Длинный зал был практически пуст. В центре холла стоял стол поменьше обычного, судя по вытертому участку на покрывающем деревянный пол ковре; большой пиршественный стол был сдвинут вправо к украшенной гобеленами стене.
У дальней стены палаты, за скромным обеденным столом, летерийцев ждали три стула с высокими спинками. Напротив сидел колдун-король, уже начавший трапезу. За спиной Ханнана Мосага, в тени, неподвижно стояли пять воинов эдур.
Это, видимо, к’риснан. Чародеи…
Колдун-король подождал, пока гости сняли верхнюю одежду, и жестом пригласил их садиться, сказав на сносном летерийском:
– Прошу вас. Я терпеть не могу холодную еду, так что, как видите, бессовестно начал набивать желудок.
Бурук Бледный низко поклонился.
– Я не знал, что мы опоздали, государь…
– Вы не опоздали, я просто не люблю церемоний. Часто мучаюсь даже от простой вежливости.
– Аппетит не обращает внимания на требования этикета, государь, – сказал Бурук, подходя к столу.
– Я был уверен, что летери меня поймут. Итак… – Ханнан Мосаг вдруг поднялся и жестом остановил их. – Я объявляю моими гостями Бурука Бледного, аквитора Сэрен Педак и посланника Халла Беддикта. Прошу, садитесь. Я ем только то, что готовят специально для меня.
Его голос можно было слушать бесконечно, не замечая течения времени; все неудобства развеялись. Сэрен поняла, что Ханнан Мосаг – очень опасный король.

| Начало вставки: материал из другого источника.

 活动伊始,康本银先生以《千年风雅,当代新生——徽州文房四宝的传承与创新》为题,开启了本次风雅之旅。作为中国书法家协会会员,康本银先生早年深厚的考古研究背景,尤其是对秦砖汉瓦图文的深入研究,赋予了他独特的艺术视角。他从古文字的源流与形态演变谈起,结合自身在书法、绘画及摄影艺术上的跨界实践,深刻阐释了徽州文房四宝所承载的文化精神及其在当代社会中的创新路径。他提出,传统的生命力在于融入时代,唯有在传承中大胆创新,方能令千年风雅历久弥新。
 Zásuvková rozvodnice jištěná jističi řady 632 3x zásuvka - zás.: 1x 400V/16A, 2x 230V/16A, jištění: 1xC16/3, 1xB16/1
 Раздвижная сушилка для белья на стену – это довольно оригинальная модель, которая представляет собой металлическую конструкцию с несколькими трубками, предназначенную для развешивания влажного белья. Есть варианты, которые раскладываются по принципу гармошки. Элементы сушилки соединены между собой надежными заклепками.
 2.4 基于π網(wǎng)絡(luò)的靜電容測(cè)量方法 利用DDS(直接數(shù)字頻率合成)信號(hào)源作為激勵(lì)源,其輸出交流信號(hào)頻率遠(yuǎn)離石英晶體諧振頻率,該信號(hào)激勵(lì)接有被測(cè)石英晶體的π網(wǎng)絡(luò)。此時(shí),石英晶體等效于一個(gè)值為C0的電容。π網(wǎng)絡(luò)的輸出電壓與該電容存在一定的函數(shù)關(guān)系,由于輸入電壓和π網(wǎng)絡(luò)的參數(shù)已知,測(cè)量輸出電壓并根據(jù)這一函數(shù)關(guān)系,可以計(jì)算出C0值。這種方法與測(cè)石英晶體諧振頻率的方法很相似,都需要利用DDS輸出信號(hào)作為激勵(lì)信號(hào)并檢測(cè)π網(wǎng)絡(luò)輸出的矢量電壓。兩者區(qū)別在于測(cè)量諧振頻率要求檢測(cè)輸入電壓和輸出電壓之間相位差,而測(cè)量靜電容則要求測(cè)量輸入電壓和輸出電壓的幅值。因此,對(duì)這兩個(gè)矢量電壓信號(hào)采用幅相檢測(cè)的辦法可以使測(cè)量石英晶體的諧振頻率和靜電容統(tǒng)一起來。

Бурук Бледный сел на средний стул, Сэрен – слева от него, Халл – справа. Когда они уселись на стулья из черного дерева, занял свое место и колдун-король, подняв кубок.

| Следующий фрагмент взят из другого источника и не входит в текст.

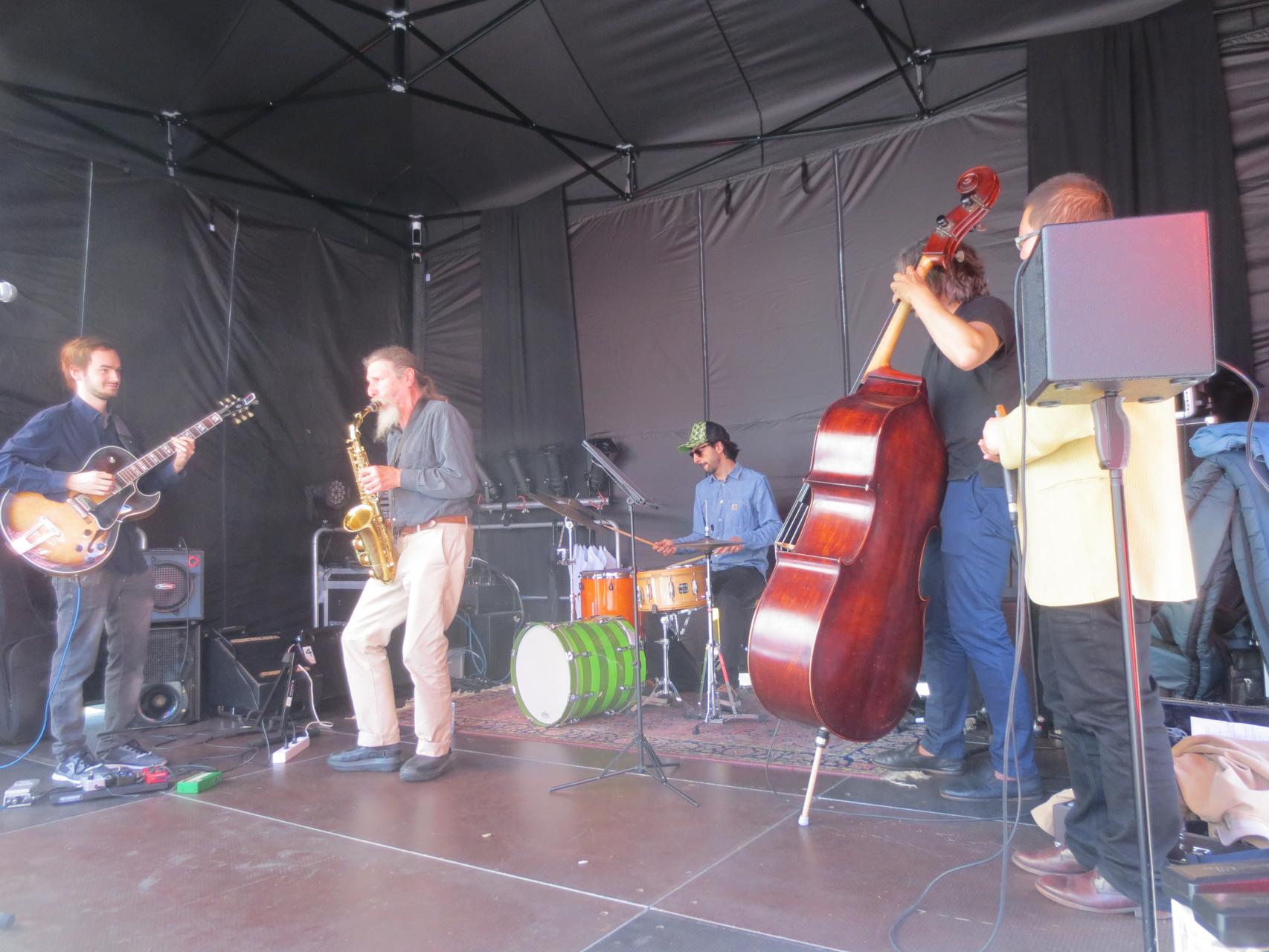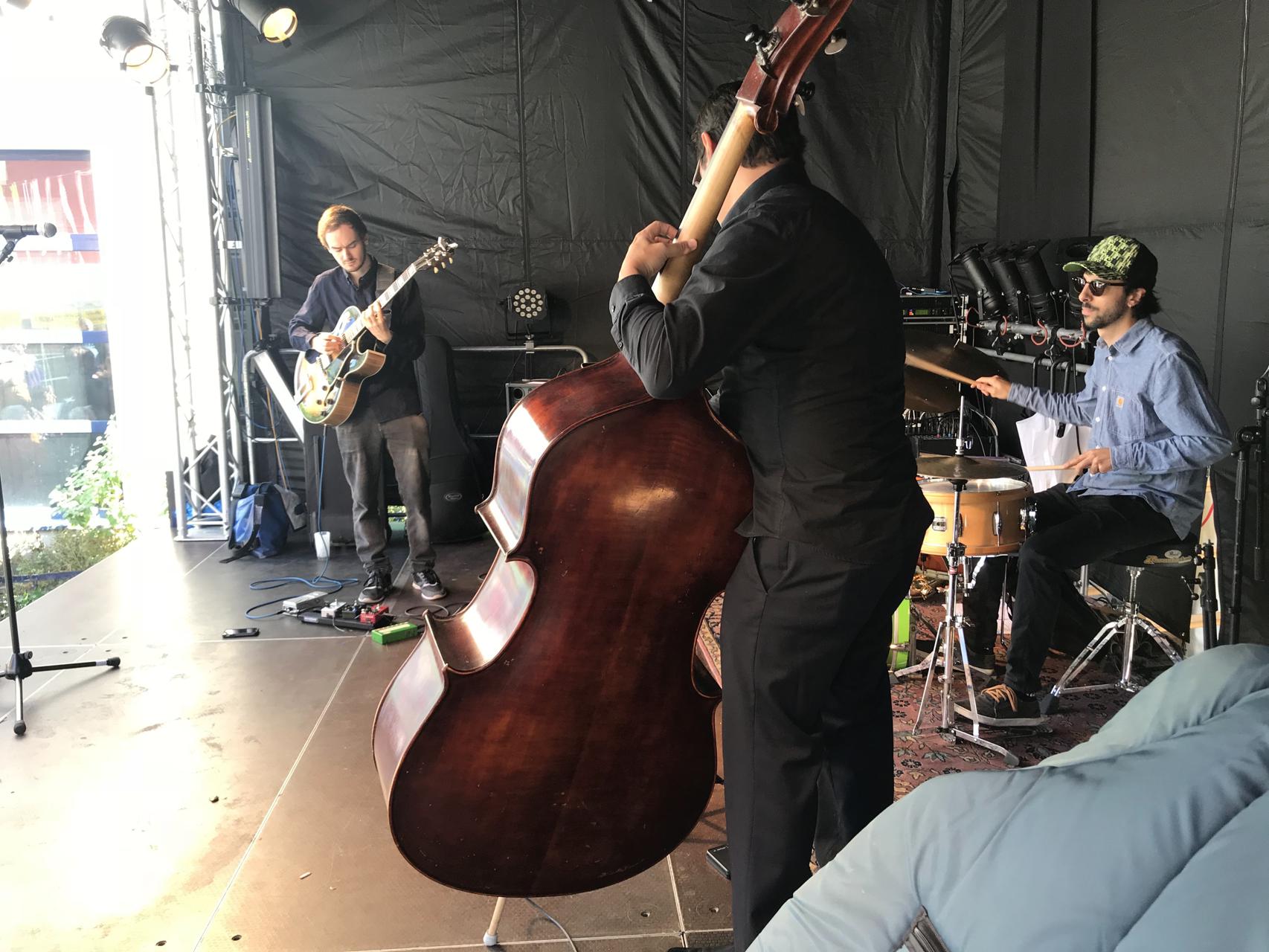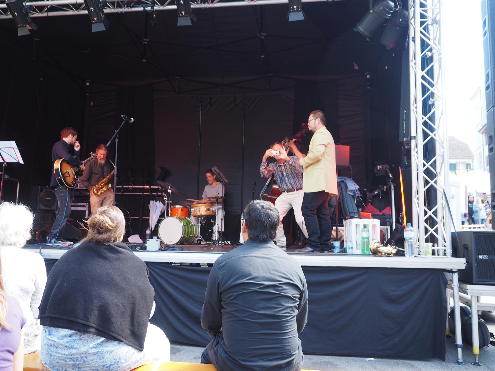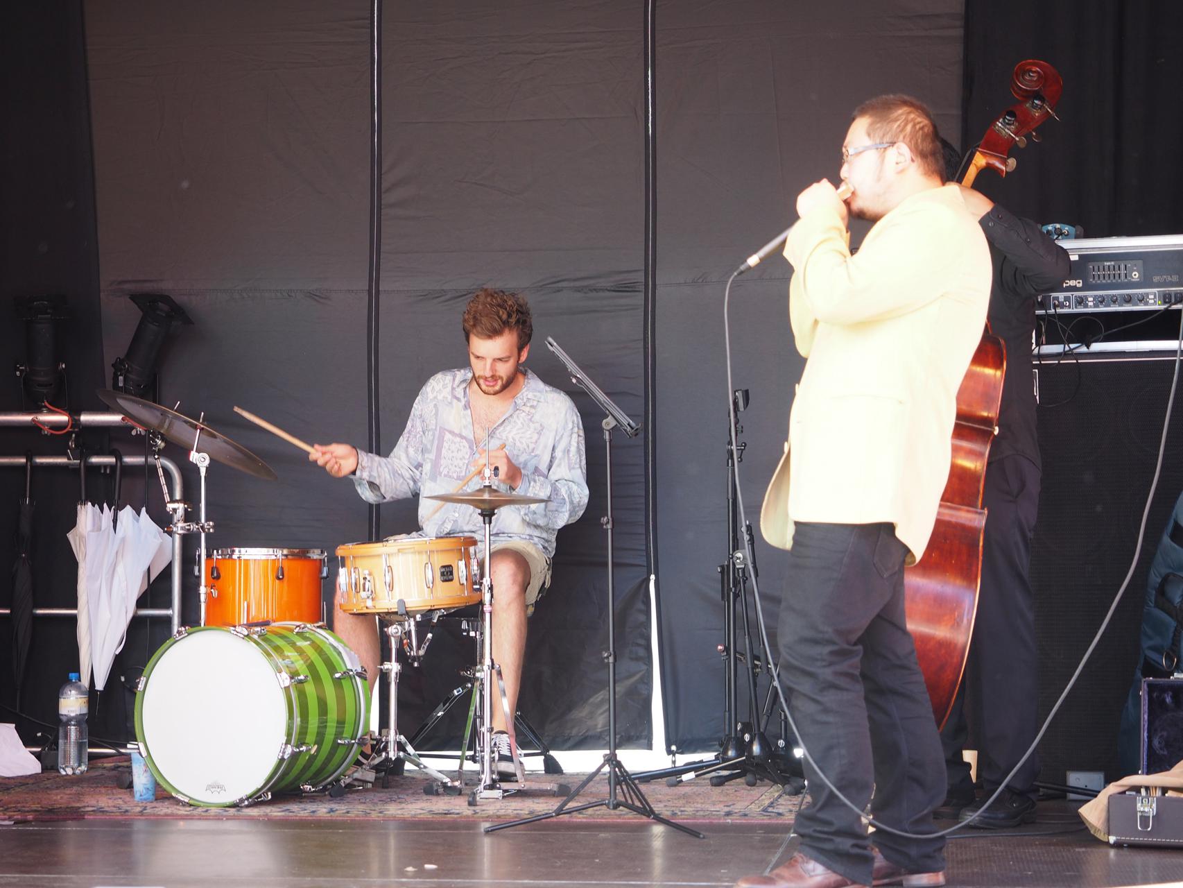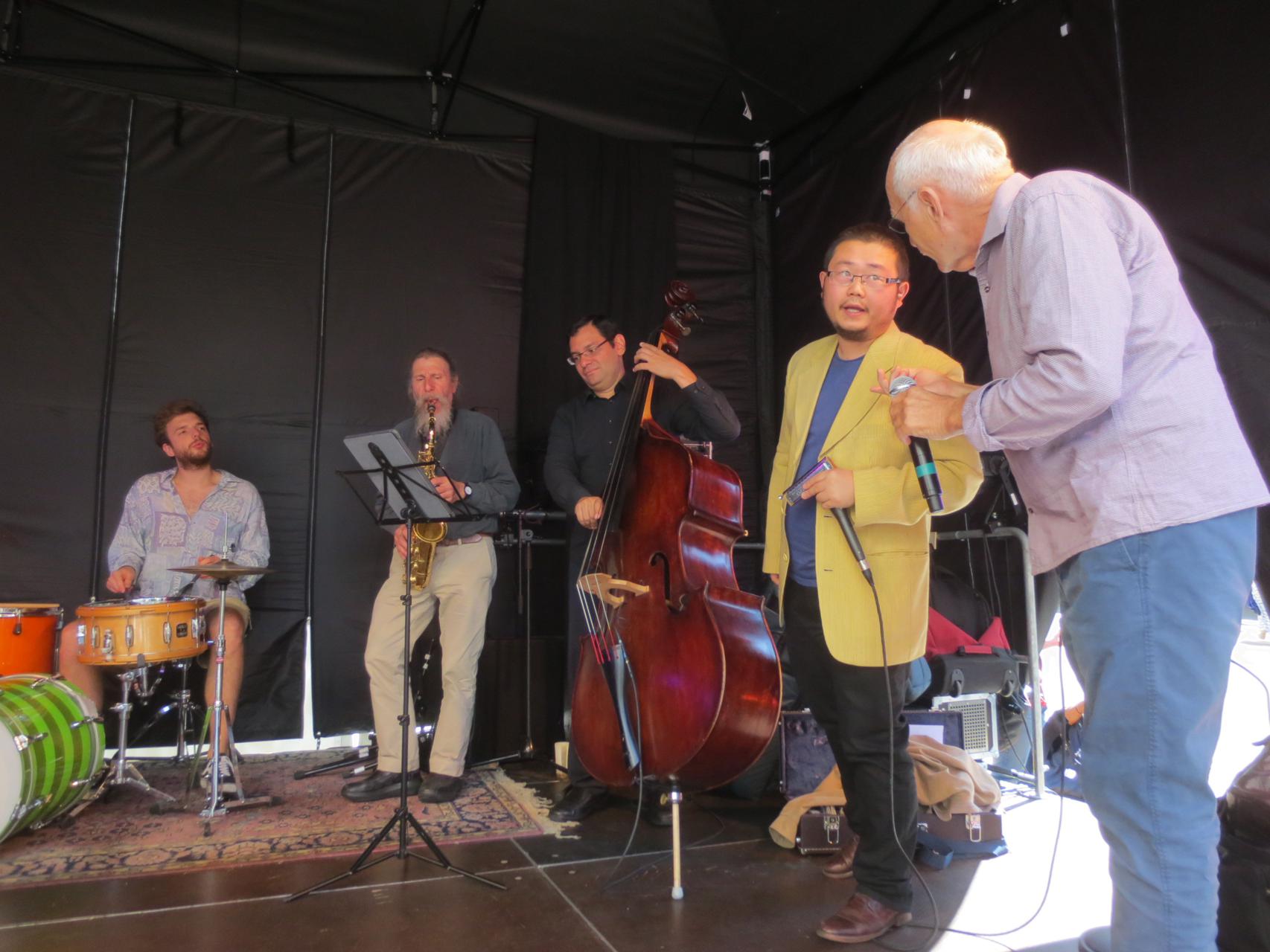 Silvan Joray an der Gitarre, Roberto Koch am Bass, Josep Cordobes Schlagzeug und Tian Long-Li Mundharmonika.

– Вино из Тейта, – объявил он. – В честь моих гостей.
– Полученное мирной торговлей, надеюсь, – сказал Бурук.
– Увы, боюсь, что нет. – Ханнан Мосаг почти что с робостью посмотрел в глаза торговцу и отвел взгляд. – Впрочем, я уверен, здесь собрались закаленные люди.
Бурук поднял кубок и пригубил, затих, будто прислушиваясь, потом вздохнул.
– Только чуть подкислено происхождением, государь.
Колдун-король нахмурился.
– Я полагал, что вкус и должен быть таким.
– Неудивительно, государь, ко всему привыкаешь.
– Как приятно, Бурук Бледный, что привычка снова оказывается главным судьей.
– Летерийцы, увы, образование привычки считают признаком ухудшения жизни.
– Глубокомысленное замечание, Бурук, – сказал Ханнан Мосаг. – Мы еще недостаточно выпили, чтобы жонглировать словами. Если только вы не утолили жажду в своем жилище – тогда я в невыгодном положении.
Бурук положил себе кусок копченой рыбы.
– К сожалению, мы до отвращения трезвы. Так что в невыгодном положении скорее мы.